Gently Rotting Documents Can Corrupt Copilot Output

In April, I wrote about Microsoft’s introduction of Restricted SharePoint Search and described the new capability as a sticking plaster solution for those who fear that the introduction of Microsoft 365 Copilot will leak sensitive information into the public domain. The more I think about Restricted SharePoint Search, the more I dislike it. Limiting enterprise search to one hundred curated sites is a horrible thing to do to SharePoint Online.

The problem Microsoft attempts to address in Restricted SharePoint Search is Copilot’s marvelous ability to find and reuse text. Any document stored in SharePoint Online or OneDrive for Business that’s available to the signed-in account can be used by Copilot to generate responses to user prompts. Copilot only sees words. It has no sense of importance, accuracy, obsolescence, or usefulness. Humans acquire the ability to detect problems in written content through years of practice. The current generation of AI assistants focuses on words, not context.

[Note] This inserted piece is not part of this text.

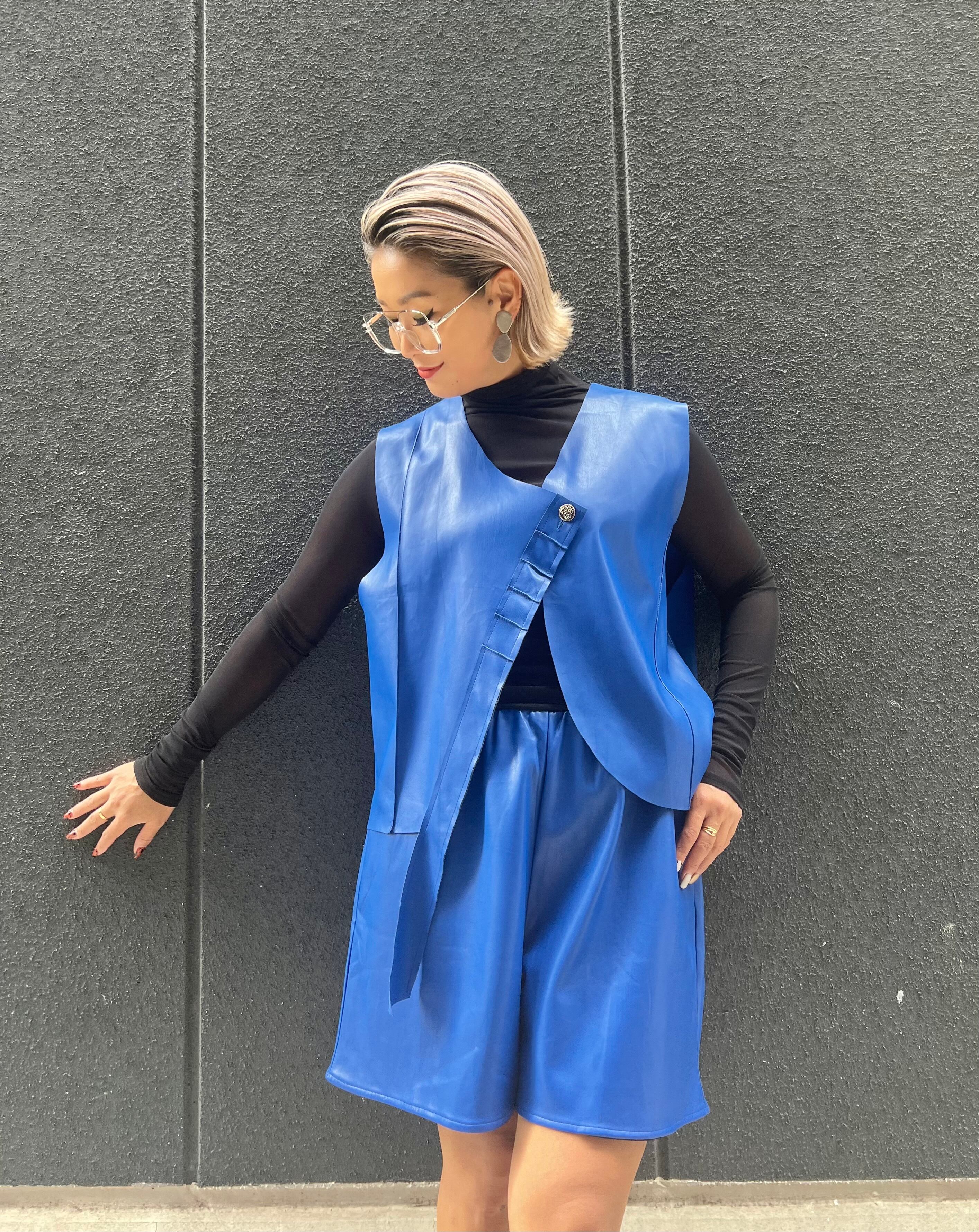 eco leather design vest × short pants set up 2P セットアップ 2点セット 合皮 レザー フェイクレザー ベスト パンツ ショートパンツ ブルー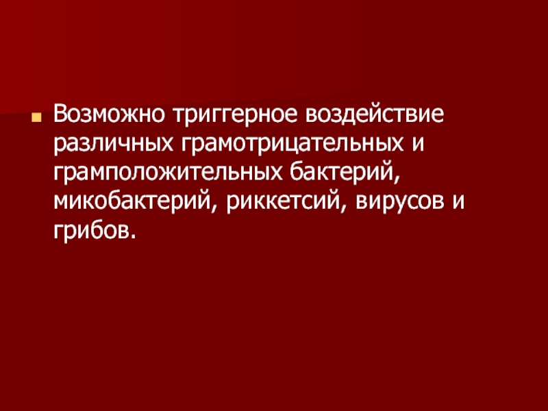 Слайд 5Возможно триггерное воздействие различных грамотрицательных и грамположительных бактерий, микобактерий, риккетсий,

There wouldn’t be an issue if humans stored perfect information in SharePoint Online and OneDrive for Business. Perfect input data usually leads to good results. Messy input data leads elsewhere. And the data stored in Microsoft 365 repositories is often messy, imprecise, inaccurate, or misleading. It is the digital debris or digital rot that afflicts so many tenants.

When we worked with paper filing cabinets, it was common practice to remove old material. Today, we leave documents and files to molder, buried at the bottom of folders, and invisible to the UIs that we use to interact with SharePoint Online and OneDrive for Business. Out of sight and out of mind is very accurate when it comes to old documents, presentations, worksheets, PDFs, and other files. And until now, having a layer of digital debris at the bottom of sites didn’t matter very much.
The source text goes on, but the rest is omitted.